Returning to FIG. 7, an outer diameter 170' of the bearing 170 is
measured between a radial outermost edge of two diametrically
opposed ridges or ribs 184 on the interrupted surface 182 of the
bearing 170.
[0057] To further enhance the ability to limit displacement of the
bushings 170, 172 away from the longitudinal axis 46 (FIG. 6), the
outer diameter 170' of brake pin bushing 170 is sized such that an
interference fit is established between the outer diameter 170' of
the brake pin bushing 170 and the inner diameter 157' of the
respective bore 157 in the strut 36 (FIG. 6) into which the brake
pin bushing 170 is pressed. In one form, the outer diameter 170' of
the brake pin bushing 170 initially ranges in size to be about
0.004 to about 0.018 inches larger in diameter than the inner
diameter 157' of the strut bore 157 into which the bushing 170 is
pressed. In a most preferred form, the outer diameter 170' of brake
pin bushing 170 is initially about 0.013 inch larger than are the
inner diameter 157' of the strut bore 157 into which the bushing
170 is pressed. Notably, however, the root diameter 174' (FIG. 7),
that is the diameter measured between a radial innermost edge of
two diametrically opposed ridges or ribs 184 on the interrupted
surface 182 of the bearing 170, is less than the inner diameter
157' of the respective bore 157 into which the brake pin bushing
170 is pressed. The inner diameter 171' of each brake pin bushing
170, 172 is sized to journal that portion of the brake lever pivot
pin 60 passing through the bushings 170, 172 and about axis
162.
[0058] FIG. 9 shows an alternative form of interrupted surface 182a
for the brake pin bushing. Again, and since the brake pin bushings
170, 172 are substantially similar, only brake pin bushing 170 will
be discussed in detail. In the example shown in FIG. 9, the
interrupted surface 182a for the brake pin bushing 170 includes two
sets of splines or raised ribs 183a and 185a. The first set of
splines 183a is comprised of radially spaced and raised ribs or
splines 184a extending about the periphery of the brake pin bushing
170. In the embodiment shown by way of example in FIG. 9, the ribs
or splines 184a of the first spline set 183a are formed integral
with the remainder of tile bearing 170 and linearly extend away
from and generally normal to bushing surface 173a. In the
illustrated embodiment, the splines or raised ribs 184a linearly
extend away from surface 173a for a predetermined distance between
bushing surfaces 173a and 175a. Preferably, the splines or raised
ribs 184a of spline set 183a linearly extend away from bushing
surface 173a for about one half the distance between bushing
surfaces 173a and 175a on the brake pin bushing 170.

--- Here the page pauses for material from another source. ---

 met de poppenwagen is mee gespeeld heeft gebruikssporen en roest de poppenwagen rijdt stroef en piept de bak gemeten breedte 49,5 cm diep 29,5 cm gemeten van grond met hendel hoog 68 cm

[0059] The second set of splines 185a is also comprised of a series
of radially spaced and raised ribs or splines 184b extending about
the periphery of the brake pin bushing 170. In the embodiment shown
by way of example in FIG. 9, the ribs or splines 184b are formed
integral with the remainder of the bearing and linearly extend away
from and generally normal to bushing surface 175a in radially
offset relation relative to the splines 184a. In the illustrated
embodiment, the splines or raised ribs 184b of spline set 185a
linearly extend way from bushing surface 175a for a predetermined
distance between bushing surfaces 173a and 175a. Preferably, the
splines or raised ribs 184b of spline set 185a linearly extend away
from bushing surface 175a for about one half the distance between
surfaces 173a and 175a on the brake pin bushing 170.

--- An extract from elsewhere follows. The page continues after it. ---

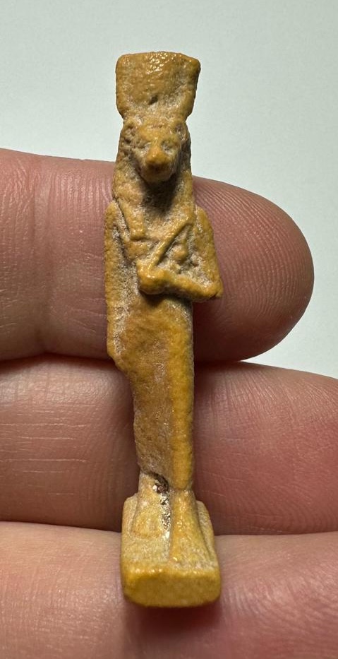 ANCIENT EGYPT. GRECO - ROMAN FAIENCE  AMULET OF A LION HEADED DEITY.  300 B.C - 100 A.D

[0060] The sizing of the interrupted surface 182a is such that the
outer and root diameters of the spline sets 183a and 185a relative
to the inner diameter 157' of the bore 157 defined by strut 36
(FIG. 6) is substantially similar to that discussed above regarding
the splines or ribs 184 comprising interrupted surface 182.

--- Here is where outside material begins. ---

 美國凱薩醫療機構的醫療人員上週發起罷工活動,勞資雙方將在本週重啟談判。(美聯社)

[0061] Rather than having a generally straight or linear
configuration as shown in FIGS. 6 through 9, and as shown by way of
example in FIG. 10, it is also contemplated that the interrupted
surface extending about the periphery of each brake pin bushing be
comprised of a series of splines 184c having other than a linear or
generally straight configuration extending at least partially if
not entirely between the bushing surfaces 173c and 175c. In one
form, a majority of the splines 184c comprising the interrupted
surface can have a helical-like configuration in plan and equally
serve to limit displacement of the brake pin bushings away from the
longitudinal axis 46 of the strut 36 (FIG. 6). Since each brake pin
bushing is preferably fabricated from a sintered metal powder, the
possible spline configurations extending about the periphery of
each brake pin bushing can vary from that shown by way of example
without significantly detracting or departing from the spirit and
novel concept of the present disclosure. The sizing of the outer
and root diameters of the splines 184c relative to the inner
diameter 157' of the bore 157 defined by strut 36 (FIG. 6) is
substantially similar to that discussed above regarding the splines
or ribs 184.
[0062] Regardless of which particular spline configuration is
selected for the interrupted surface extending about the periphery
of the each brake pin bushing, and as shown in greater detail FIG.
11, pressing interrupted surface 182 of the brake pin bushing 170
into the bore 157 of the strut 36 causes material movement or
deformation of the splines 184 and deformation of the strut 36
along and about the splines 184 to create a mechanically
interrupted mating surface therebetween for limiting or inhibiting
inadvertent movement or displacement of the brake pin bushing 170
in a direction away from the longitudinal axis 46 of the strut 36
(FIG. 6). As the brake pin bushing 170 is pressed into the bore 157
in the strut 36, discrete movement or displacement of material
about the splines 184 of the interrupted surface 182 occurs thus
enhancing securement of the brake pin bushing 170 relative to the
strut 36. Configuring the surface interruption on the brake pin
bushing in the manner described above, i.e., with the outer
diameter of the brake pin bushing initially sized larger than the
inner diameter of the bore in the strut and the root diameter of
the splines forming the interrupted surface being sized less than
the inner diameter of the strut bore advantageously allows for
material displacement between the interrupted surface and the
strut.
[0063] FIG. 12 illustrates an alternative form of a brake beam
strut having brake pin bushings for journalling the brake pin 60
(FIG. 4) and is specifically configured to inhibit inadvertent
axial displacement or movement of either brake pin bushing relative
to the strut 36 and away from the longitudinal axis 46 of the strut
36. This alternative form of brake pin bushing is designated
generally in FIG. 12 generally by reference numeral 270 and 272.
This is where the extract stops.